Зато се план отлично сработал. Когда она открыла рот, чтобы проверить голос, из него раздались звуки, которых устыдились бы даже лягушки.

Теперь Каролина на время превратится в немую. Пусть ей задают любые вопросы. Она в ответ не сможет произнести ни слова.

Чтобы удостовериться, что ее похититель не заподозрит ее в притворстве, Каролина подошла к зеркалу и широко открыла рот, наклонив голову так, чтобы солнечный свет осветил горло.

Оно было ярко-красным и выглядело просто ужасно. А мешки под глазами от бессонной ночи отлично дополняли ее «больной» вид. Каролина чуть не подпрыгнула от радости. Если бы можно было как-нибудь имитировать лихорадку!
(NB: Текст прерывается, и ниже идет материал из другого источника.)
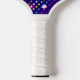 You'll be all the rage on the pickleball court when you're sporting one of these brightly coloured personalized circles with diagonal dashes pickleball paddle with monogram. The navy blue background has a diagonal stripes pattern of dashes in purple, yellow, blue, and white with a variety of circle shapes mixed in among the dashed lines in neon green, yellow, hot pink, orange, burgundy, and white with an orange and burgundy band across the top with a white and light blue circle overlay that is personalized with your name in hot pink and your monogram in yellow. The backside has only the band on it with customizable text that says, "Pickleball Addict" on it. Email niteowlstudio@gmail.com with any request for changes.

Может, поднести лицо к свече и подождать, пока кожа станет неестественно теплой? Но когда он войдет, она должна будет объяснять, зачем жгла свечи, если на дворе давно утро.

Нет, придется обойтись больным горлом. К тому же у нее не оставалось выбора, потому что в холле уже послышались шаги.

Каролина бросилась к постели и забилась под одеяло, натянув его до самого подбородка. Она пару раз кашлянула, пощипала себя за щеки, чтобы придать им красноту, и опять закашлялась.

«Кашляй, кашляй, кашляй!»

Ключ повернулся в замке.

«Кашляй, кашляй, кашляй, кашляй!» — Каролина хотела устроить настоящий спектакль.

Затем во втором замке скрипнул другой ключ. Черт! Она забыла, что в двери два замка.

«Кашляй, кашляй, кашляй!»

— Кхе! Кхе!

«Кашляй!»

— Кхе!

— Господи, что за адские звуки?

Каролина подняла голову с подушки, и если бы она еще не потеряла голос, то сейчас бы точно лишилась дара речи.

В темноте прошлой ночью ее похититель выглядел зловеще, но при свете дня ему позавидовал бы сам Адонис. Сегодня он почему-то казался даже выше ростом. Черные волосы были аккуратно уложены, но одна непослушная прядь выбилась на лоб возле левой брови. А глаза — серые и ясные, как у ребенка. Но их цвет был единственным, что могло ввести в заблуждение. Они смотрели так, словно повидали в жизни слишком много.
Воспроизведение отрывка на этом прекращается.